The World’s Most Extreme Battery

When it comes to motorsport, there’s no doubt that the name Williams is held in the highest esteem. The legendary organisation has been one of the sport’s leading engineering and racing protagonists with nine F1 constructors’ championships (second only to Ferrari) to its name. Its sister company, Williams Advanced Engineering (WAE) is now considered to be a major force in the electric motorsport arena thanks to its work with Formula E and more recently, as the sole power train developer for the pioneering off road championship Extreme E.

We caught up with Craig Wilson, Williams Advanced Engineering CEO and Glen Pascoe, WAE Principal Engineer, for an early Season review and an in depth look at the WAE facility. We also wanted to pick their brains about how on earth the Extreme E battery is actually made, and the challenges of creating a battery that can power the enormous ODYSSEY 21 in the most extreme locations.

XE: First of all, how did the Williams and Extreme E relationship begin?

Craig Wilson, “WAE had already been involved with Formula E as we were the original and only battery supplier to the championship when it began in 2014. The technology was relatively young then and were all learning a great deal – but it was hugely exciting to be part of the electric revolution and to be there from the start and we still are.

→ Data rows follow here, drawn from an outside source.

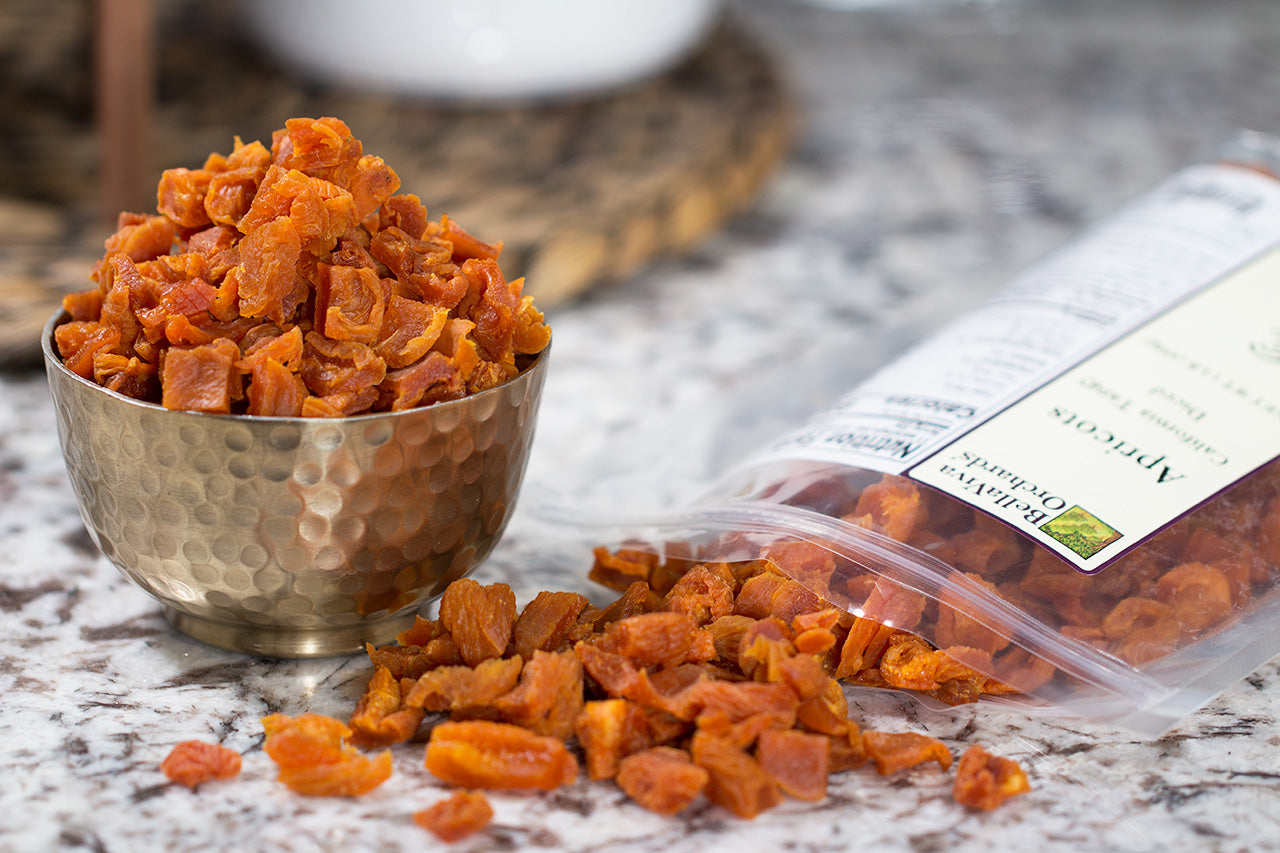 For baking and cooking: Diced Dried California Tangy Apricots from Bella Viva Orchards - our dried tangy apricots are evenly diced for you convenience - perfect for those who love to bake and cook. The Royal Blenheim ruled the dried apricot empire for years but the hand-cut and sun-dried Westley dried apricot has taken the reign at Bella Viva . Our Westley apricots plump, sweet flavor makes for the best drying - we think you'll agree. As always, these dried, full-flavored apricots are rich with vitamin A, and a tasty source of iron and calcium.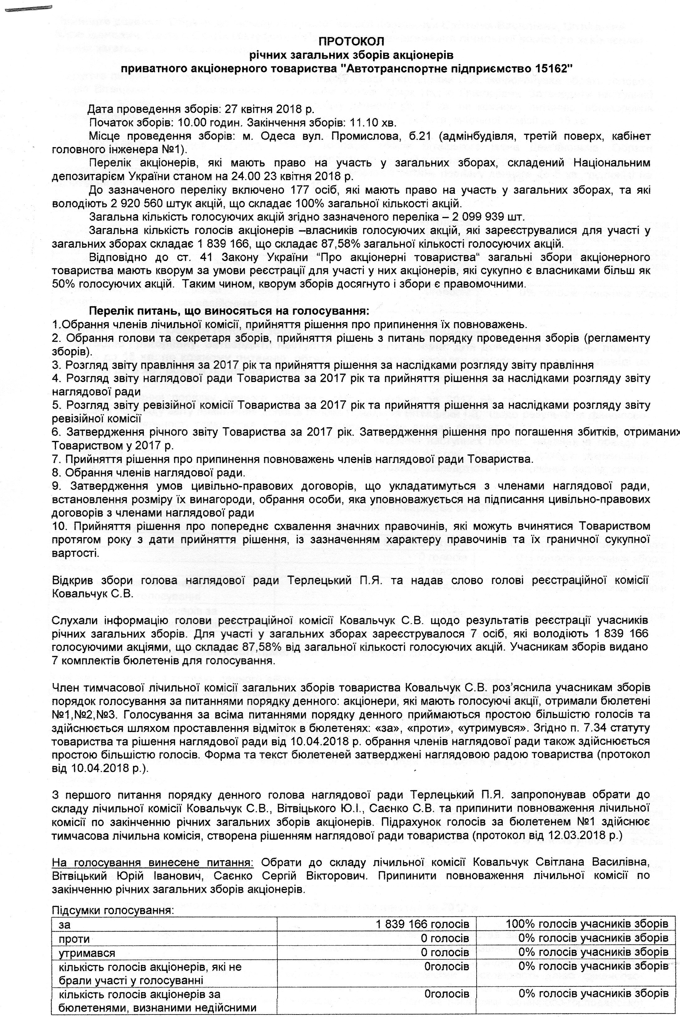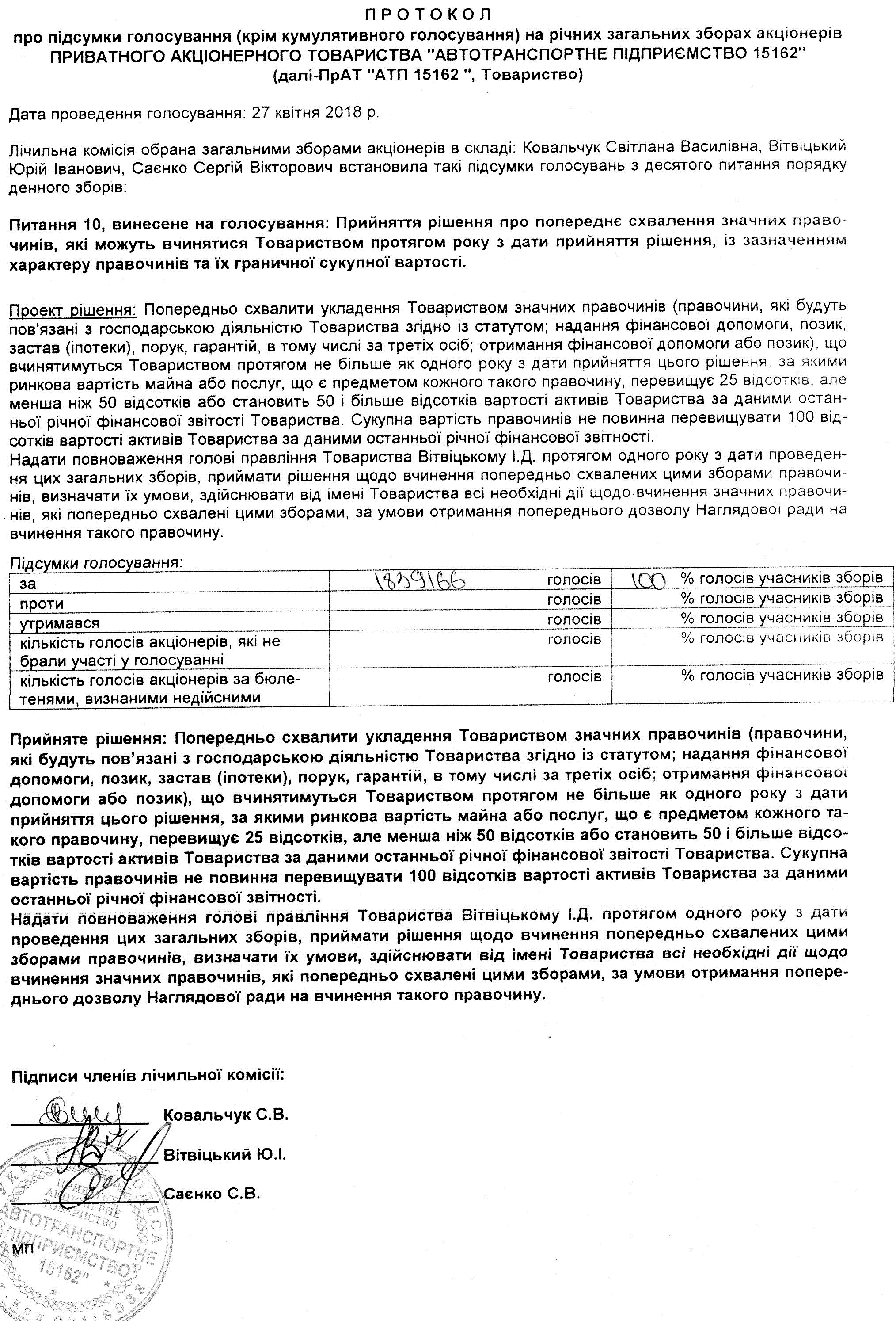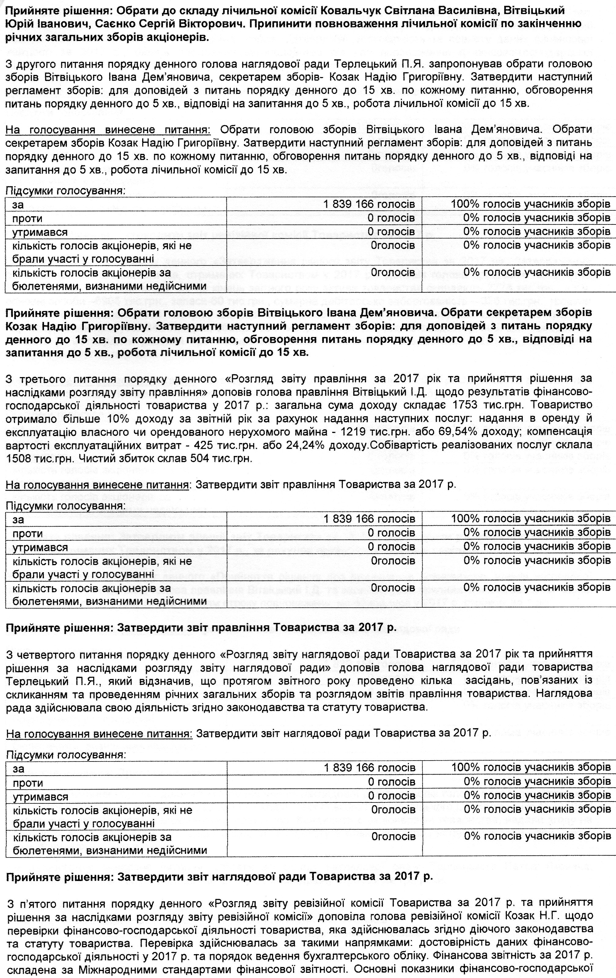 Протокол загальних зборів товариства 2018 р. (стр.5) (розміщено 10.05.2018)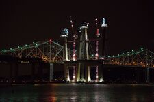 The bridge is equipped with LED lights for the roadways and structures. The lights can be changed to a variety of colors for decorative purposes on major holidays such as Memorial Day and Christmas, traditional dates such as Mother's Day, Father's Day and St. Patrick's Day, and special commemorations throughout the year. The lighting system reputedly has the ability to be synced to music, although it has yet to be demonstrated.[70]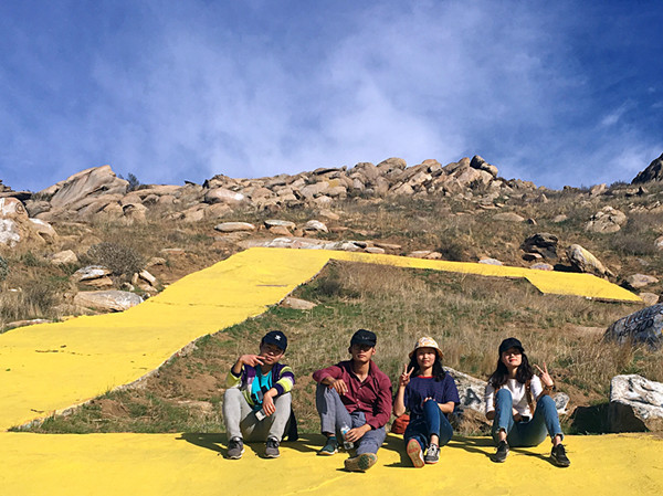 闲暇之余也会和三五好友一块儿在UCR周边游览,最有意思的莫过于校园正对面的C山,这儿的山都由字母编号,碰巧的是从校园图书馆正面看过去,就是一个明晃晃的C。山不高但路途陡峭摩擦力小,不易着力,对于很少爬山的我们,上山下山很吃了点苦头。不到C山非好汉,黄昏时分登山,等夜幕降临之时,那风景美不胜收。

“Following the on-track successes we’ve had at Le Mans (providing engineering support for Porsche’s sports car racing programme), through the hybrid F1 era, then four seasons supplying batteries to the first-generation Formula E grid (and due to supply the Gen 3 batteries), together with being technical partner for Jaguar Racing, we have learned a lot about how to extract the highest levels of performance from a battery.

“Having proven our capabilities with Alejandro Agag, SPARK and the team in Formula E, we were then in a good position to pitch for the Extreme E sole developer role in 2019.”

XE: What steps did Williams take to create the battery? 

Glen Pascoe, “In Extreme E, the challenge is arguably even greater than for other series as we are taking battery technology away from the traditional race circuit and into hostile environments, where humidity, dust, extremes of temperature, shock and vibration will play a huge part and to that end, the batteries have had to be uniquely tailored for the environment.

“And with races being head-to-head over short distances, the batteries are sized to manage high intensity operation over a shorter time than in other e-racing series, but in a far harsher environment. As a result, we have developed a whole new module that can produce 400kW peak power in a bespoke battery construction along with an entirely new pre-race conditioning system to maximise robustness and minimise mass.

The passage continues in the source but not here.